El partido en el poder, de acuerdo con las reglas que ha establecido el propio presidente de definir al próximo candidato presidencial por encuesta, ha provocado intensas campañas simuladas por los principales aspirantes: activismo en redes sociales, giras por el país y declaraciones estridentes ponen a Claudia Sheinbaum, Marcelo Ebrard, Adán Augusto y Ricardo Monreal a estar presentes en las principales noticias.

Una mención especial merece el caso de Ricardo Monreal que desde el inicio ha reclamado piso parejo para la competencia y nada a contracorriente para no quedarse fuera. Hoy es señalado por morenistas como factor de división y es prácticamente rechazado.

LOS BAMBOLEOS DEL PRI

El tricolor se ha venido bamboleando, pero recientemente algunos de sus aspirantes levantan la mano para entrar de lleno a la competencia e ir definiendo al candidato y la estrategia para el 2024.

La polémica atrapó por meses al líder del partido, Alejandro Moreno: por sus audios filtrados, las votaciones legislativas con Morena y su persistencia a mantenerse en la dirigencia, pero hace unos días creo todo un escenario para que priístas como: Beatriz Paredes, Claudia Ruiz Massieu, Enrique de la Madrid e Ildefonso Guajardo expresen públicamente su interés por ser candidatos.

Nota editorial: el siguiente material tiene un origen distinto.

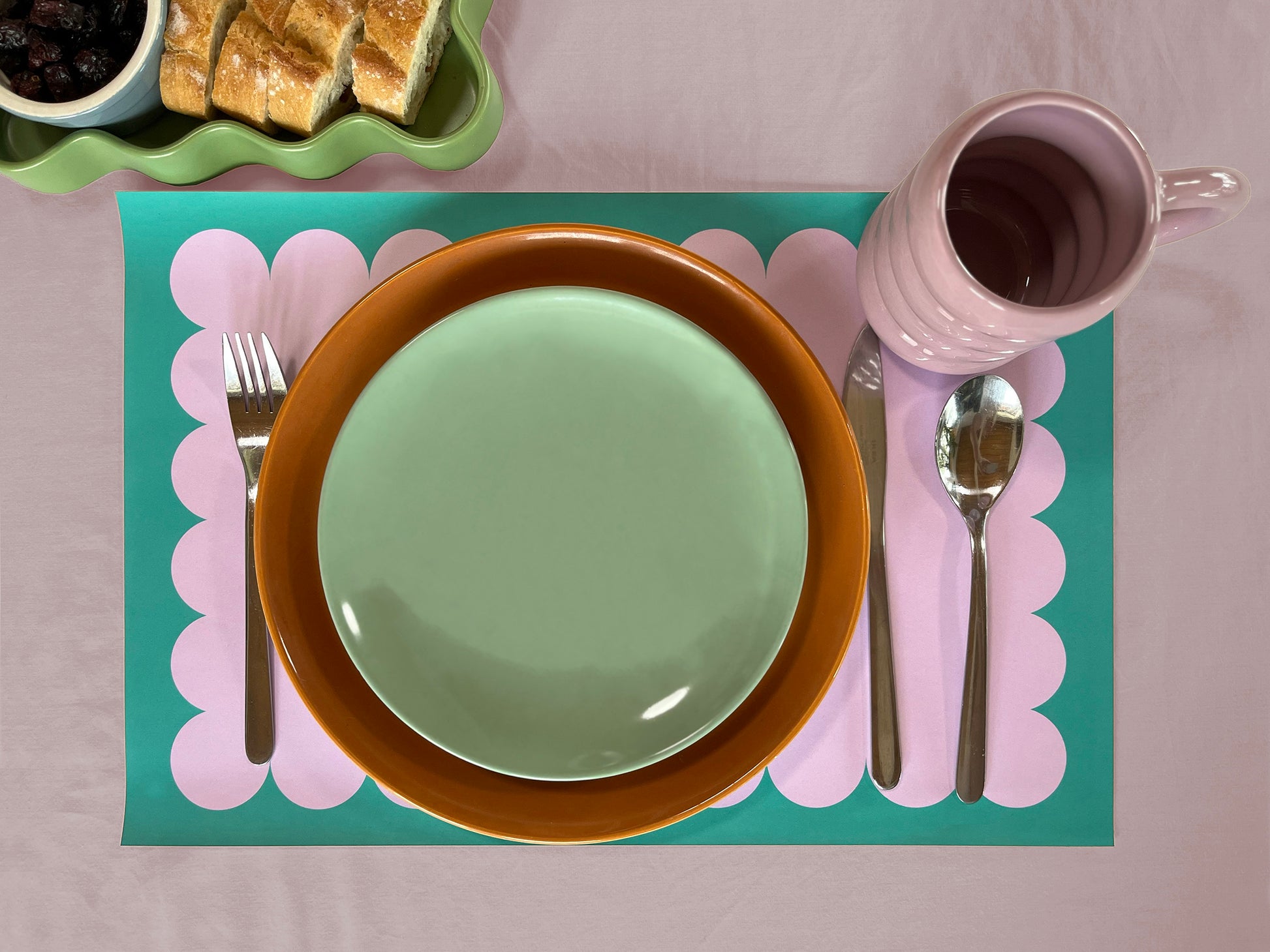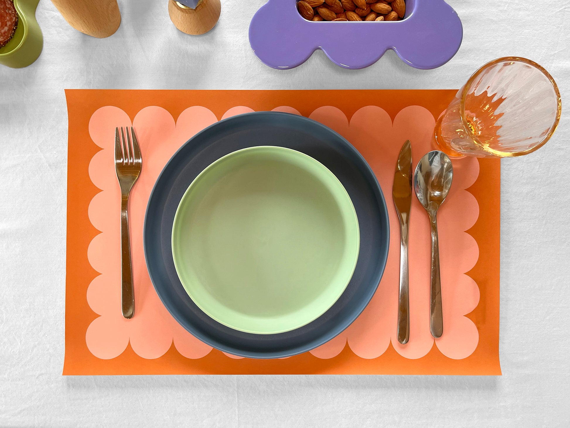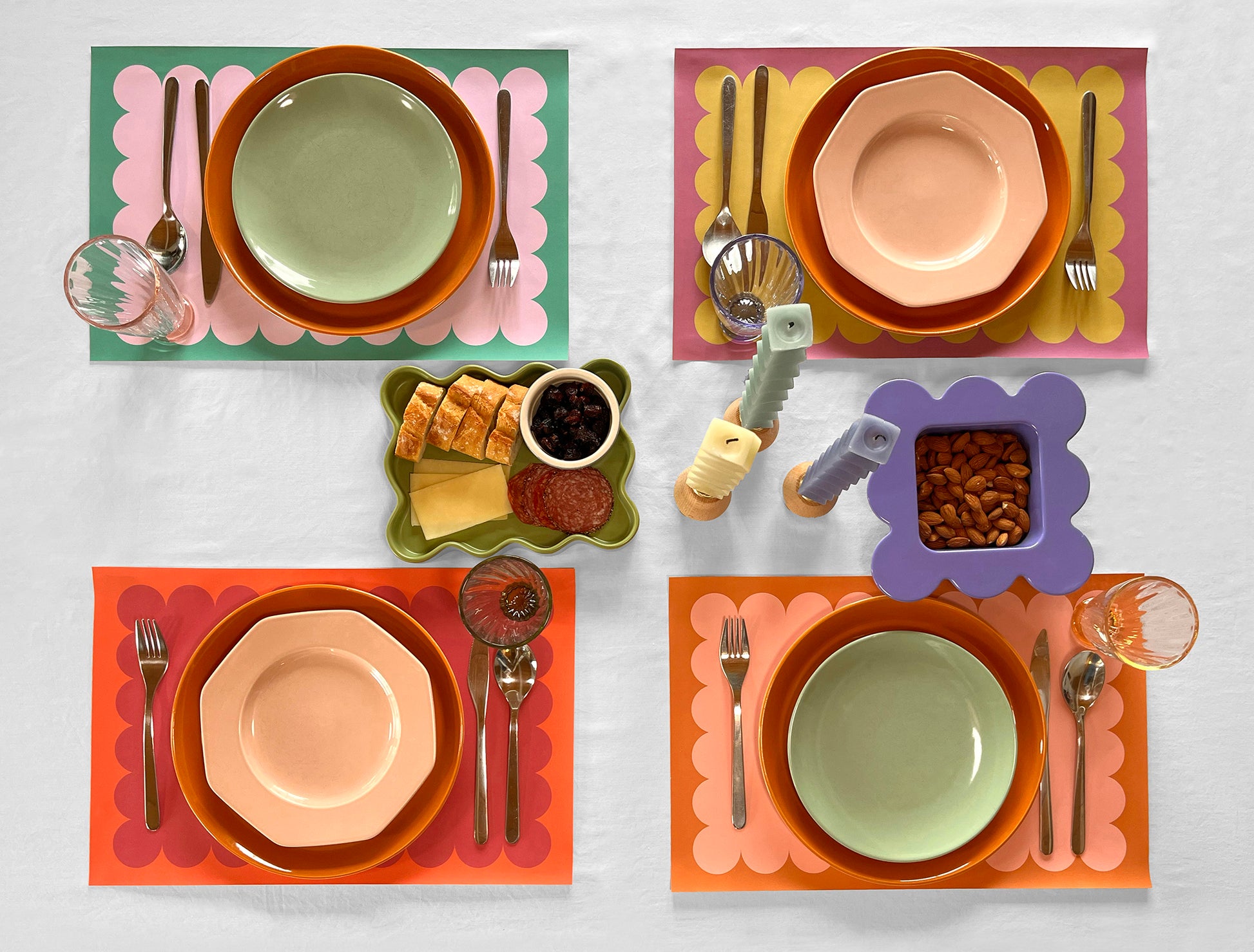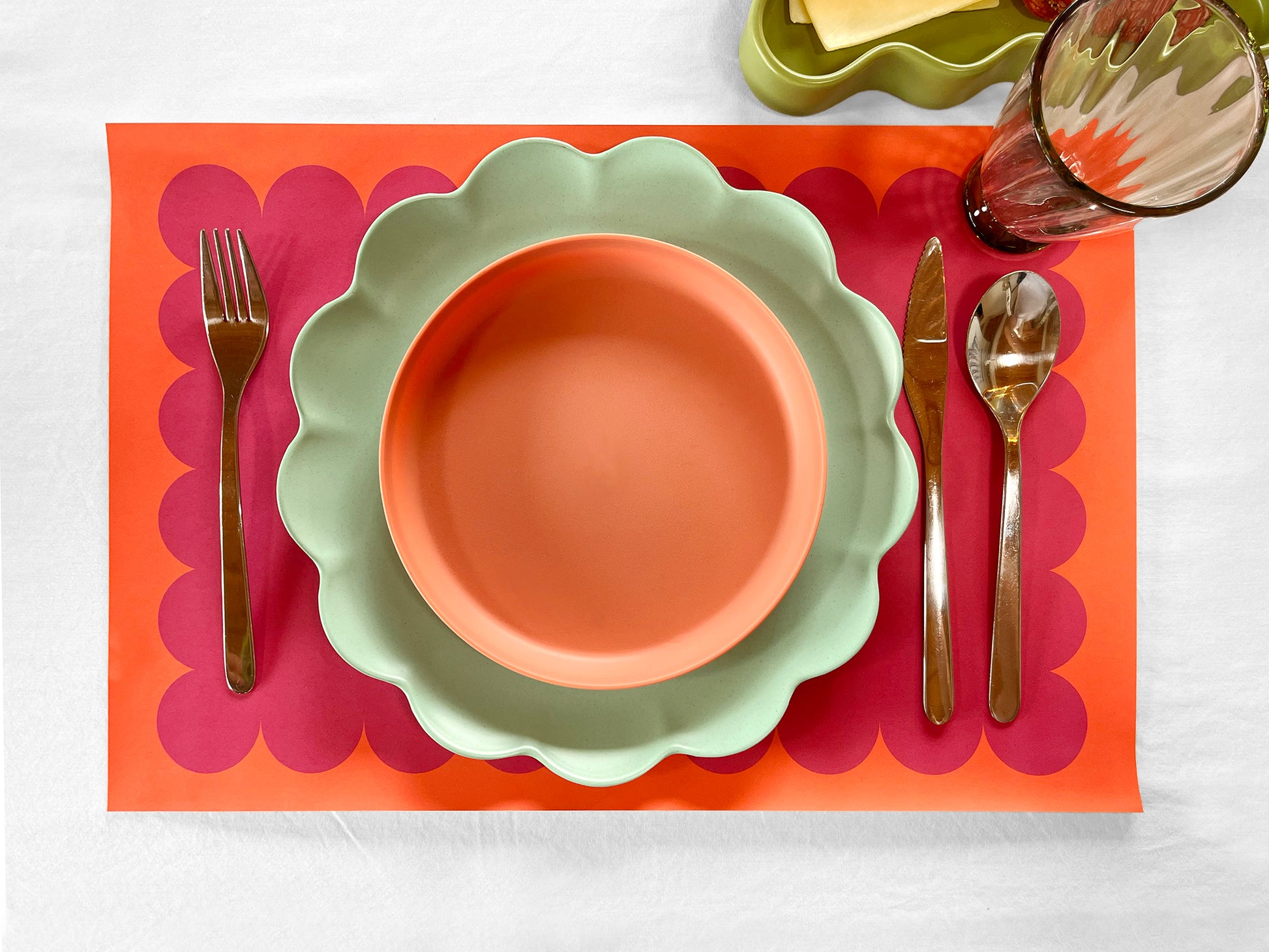 Scallops make any table sophisticated and fun! These recycled paper placemats are the perfect way to add a vibrant pop of color to your table to make it special. Anything but boring, these eye-catching designs work beautifully as standalone sets or can be mixed and matched for maximum color fun! Cleanup is a breeze—just recycle them when you're done!

No son cualquier perfil y toman mano para proponer la mejor forma de competir.

A LA ESPERA DEL PAN

Acción Nacional parece como más aletargado en la competencia; sin embargo, desde hace tiempo Ricardo Anaya se mantiene combativo haciendo señalamientos al presidente. Se incorporan nuevos liderazgos como Lilly Téllez que provocan mucho ruido en las redes sociales. También el exgobernador de Guanajuato, Juan Carlos Romero Hicks ya expresó su interés por la candidatura.

Las opciones han ido apareciendo, pero la dirigencia se mantiene dubitativa ante la alianza con el PRI y los movimientos a su interior.

MOVIMIENTO CIUDADANO, EN SU CAMINO

El partido liderado por Dante Delgado ha decidido caminar solo en este sexenio y no hay visos de que pueda cambiar. A pesar de ello, los partidos de oposición lo consideran necesario en su alianza para no disgregar fuerzas. Se mueven, pero con su propia agenda y con sus propios liderazgos.

LOS SATÉLITES

Los partidos pequeños que antaño eran llamados “satélites” por girar alrededor del partido mayoritario no muestran cambios de órbita. Sus apuestas están definidas y su actividad está relacionada en tener una aceptable posición al momento de negociar con los partidos mayores.

IMPLICACIONES

La desaforada competencia electoral que vive el país nos pone en un contexto político de polarización, de constantes ataques, de fuego amigo, publicidad simulada, campañas negras, desvío de recursos, historias de complots, etc.

Para los militantes de partidos y ciudadanos empapados de la política es normal y hasta es combustible que aviva su interés; sin embargo, para el ciudadano ataviado en sus responsabilidades resulta engorroso y desgastante en un lapso de 2 años, de aquí hasta el 2024.

No es la mejor fórmula que los tiempos electorales se amplíen en detrimento de los tiempos de gobernar y dar resultados porque simplemente se dedicarán más a pelear que a trabajar.